In fact, this question has been debated in the fitness circle for several years, but there is no unified answer. Some people say that you can exercise half an hour after a meal, while others say that you must wait for 2 hours or it will hurt your stomach. In fact, both sides are correct, but the applicable scenarios are different. I had a dinner with friends for hot pot a while ago. I showed off almost two pounds of fat beef and drank two large cups of iced milk tea. My belly was so full that I couldn't even fasten the waistband of my sports pants. I had to wait for two and a half hours that day before I dared to ride a spinning bike. I didn't dare to add any resistance during the whole process, so I pedaled slowly for 40 minutes.

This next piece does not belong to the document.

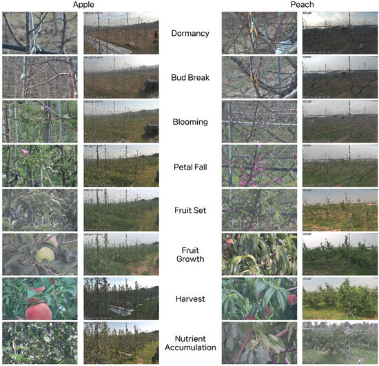 In this study, apples and peaches were selected as the data categories to develop a model for identifying weather damage to crops. These data were provided by the Rural Development Administration of South Korea. The collection process involved installing an AWS equipped with cameras on farms where apples and peaches were grown, allowing for automatic periodic photography. Peach data were collected in 2019 from the Icheon and Cheongdo regions and in 2020 from the Naju, Namwon, Imsil, Jangseong, and Jeonju regions. Apple data were collected from the Jangsu, Yeongju, Gunwi, Chungju, and Geochang regions in 2019 and 2020. The collected data encompassed the various growth stages of the crops, which were categorized into eight stages: dormancy, bud stage, flowering, post-flowering, early fruit growth, fruit growth, harvest, and nutrient accumulation. This categorization includes the entire process, from plant growth and energy accumulation to dormancy, allowing for a precise analysis of weather damage impacts at each stage. Figure 2 presents example images of apple and peach crops collected at various stages of growth. Each column represents the condition of the crops at a specific point in time, showing seasonal progression from dormancy to harvest. This visualization supports the detection of abnormal patterns by highlighting the temporal variation in crop appearance.

I didn't feel any discomfort at all. If I only had a small bowl of oatmeal porridge and boiled vegetables for dinner, I would dare to go for a walk with my bag 20 minutes after the meal, and I could even walk 5 kilometers without losing breath.
When I checked the information related to exercise physiology, I also found that in the early years, the academic community was indeed more inclined to the idea of "resting after a meal". It was believed that the blood supply to the gastrointestinal tract increased sharply after eating. At this time, exercise diverts blood supply to the muscles, which affects digestion and drags down exercise performance. However, in recent years, many new studies have also overturned some of the conclusions - if you only do very low-intensity activities such as slow walking, it will not compete with blood supply, but can promote gastrointestinal motility and help suppress the spike in blood sugar after a meal. It is especially suitable for people with high blood sugar.
Just like many colleagues in our office, after finishing the one-vegetarian rice set in the canteen at noon, they didn't feel full. They took 20 minutes during lunch break to go downstairs and walk around the campus twice. Not only did they not suffer from stomach discomfort when they came back, they didn't feel sleepy at work in the afternoon, and no one suffered from gastroptosis. When it comes to the risk of gastroptosis, it can only be caused by strenuous running and jumping immediately after long-term overeating. There is no need to worry about taking an occasional walk after a meal.
Of course, there are exceptions. For those who have chronic gastritis or gastroesophageal reflux, don’t stick to the general standards. It is best to wait 2 hours after a meal before moving. Otherwise, stomach acid will flow upward and cause burning and pain in the esophagus. If you plan to do high-intensity aerobics such as boxing exercises, interval running, and long-distance training, no matter how good your digestive function is, it is best to wait for more than 2 hours. Otherwise, the contents of your stomach will be swaying around while running, and it will be really embarrassing if you vomit in public without saying anything, and the pain will make you unable to straighten your back.
To put it bluntly, there is no need to waste time on this matter. Your own body feeling is more accurate than any unified standard. If you feel your stomach is still bloated after eating, just sit for a while before moving. If there is no burden, it will be okay to move early.